Fig. 2: Best RL and RL-like models.
From: Hybrid neural–cognitive models reveal how memory shapes human reward learning

a–c, Model architectures. Best RL (a) is the best handcrafted model based on Q-learning, identified using extensive model comparison (Supplementary Results and Supplementary Table 2). It contains a standard Q-value update (left oval) with decay of unchosen action values (left oval, dotted recurrent arrows for Q(¬a)), as well as a reward-agnostic choice perseveration mechanism (right oval). The outputs of both computations are combined additively to sample the next choice.

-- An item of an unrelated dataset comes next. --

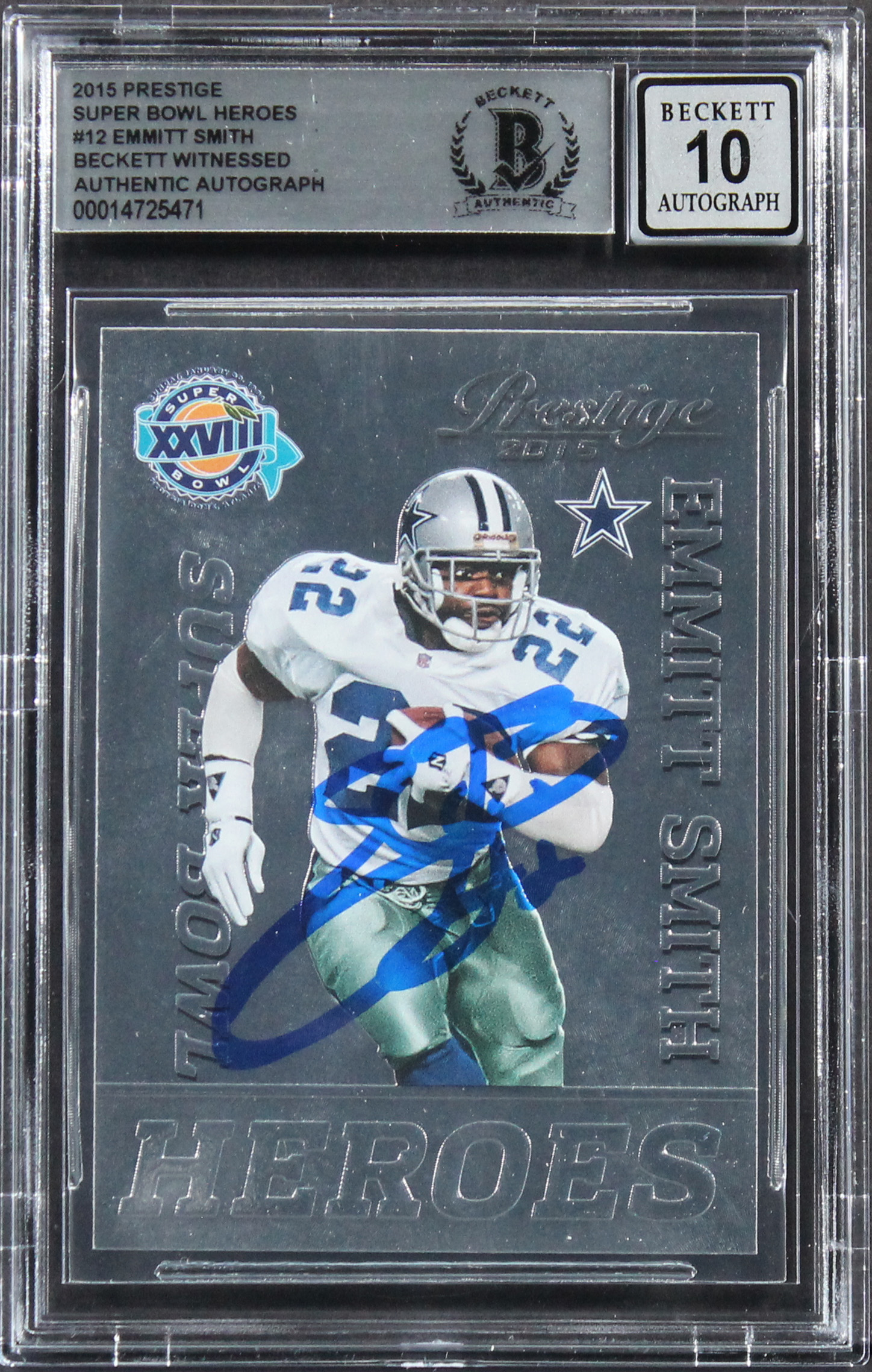 Cowboys Emmitt Smith Signed 2015 Prestige SB Heroes #12 Card Auto 10 BAS Slabbed

RL-ANN (b) has the same architecture as Best RL, consisting of a reward module that computes Q-values (left oval) and an action module that computes a perseveration kernel (right oval). However, RL-ANN uses ANNs to allow each module to perform any update rule, making it a generalization of linear update models that encompasses Best RL as a special case. Vanilla RNN (c) is a standard RNN and the most flexible model. It provides an upper bound in terms of behavioural prediction. d, Model fits. Predictive accuracy was derived from the loss of each fitted model to held-out participants not seen during training (see ‘Model training’ in Methods). Best RL and RL-ANN predicted human choices significantly worse than Vanilla RNN, with no significant difference between them, according to two-sided t-tests (see the main text for statistics). The data are presented as mean values over held-out blocks (n = 413) plus/minus s.e.m. e,f, Reward processing. In classic Q-learning as modelled by Best RL (e), updated values Qt+1(at) increase monotonically both in the observed reward rt and in the previous value Qt(at) (colour), with strictly linear relationships (for model details and equations, see ‘Model architectures’ in Methods). After fitting to human behaviour, RL-ANN (f) acquired a qualitatively similar update rule with monotonically increasing and near-linear relationships. For ease of visualization, we averaged sampled values Qt(at) (colour) within quantile groups to obtain discrete lines.